Il mastro si mise a sogghignare, ma in certo modo da far
rabbrividire tutto l'equipaggio.
- Ah! - esclamò egli, lisciandosi il mento e tirandosi la
bianca barba. - Non vogliono udire le antiche leggende? Benissimo... Allora
cambieremo rotta e correremo prima un paio di bordate.
Ci guardò poi uno per uno, come volesse prima assicurarsi che
c'eravamo tutti, indi ci chiese:
Avete mai veduto voi, durante certe notti, brillare dei fuochi
sul mare?...
- Abbiamo veduto il fuoco di sant'Elmo scintillare sulla cima
degli alberi, - rispondemmo.
Papà Catrame si strinse nelle spalle, mentre un sorriso
beffardo gli spuntava sulle sottili labbra.
- Sant'Elmo e i suoi fuochi non hanno a che fare colla mia
domanda. Vi ho chiesto se avete veduto dei fuochi apparire in mezzo alle onde.

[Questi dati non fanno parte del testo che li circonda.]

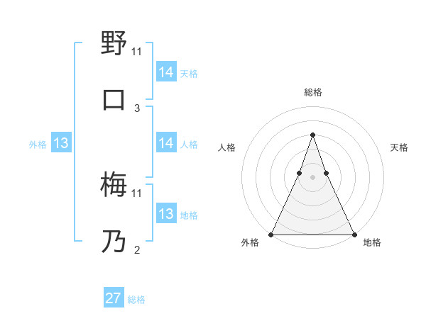 野口 梅乃さんの外格は13画の5点!

- Mi pare di averne veduto uno su di una spiaggia deserta, -
disse un timoniere.
- Tu sei un asino; chiudi la bocca e non aprirla se non ti do
il permesso. Si dice...
Si fermò per vedere quale faccia avesse il capitano, ma,
vedendolo tutto attento, continuò:
- Si dice adunque, e non solo da poco tempo, ma da molti
secoli, che su certi mari di quando in quando appariscono, e specialmente di
notte, dei fuochi che pare salgano dalla profondità degli oceani e che mandano
una luce intensa. Cosa siano, io non ve lo saprei dire; ma si diedero molte
spiegazioni più o meno stravaganti, più o meno vere, più o meno paurose. Alcuni
dicono che si formano per una combinazione di gas, sviluppatisi da qualche
grosso cetaceo galleggiante a fior d'acqua; altri che sono accesi da feroci
predatori entro gusci, per attirare le navi contro qualche vicina scogliera e
quindi impadronirsi degli avanzi; altri ancora affermano che provengono da vulcani
sottomarini; ma i più ritengono che siano segnali misteriosi che fanno i
naufraghi del mare per attirare le navi in qualche grave pericolo ed avere
nuovi compagni in fondo agli abissi marini, o per salvarle. Credete ora a
quella versione che meglio vi piace; a me poco cale, giacché so che non
credereste a ciò che io voglio dire in proposito.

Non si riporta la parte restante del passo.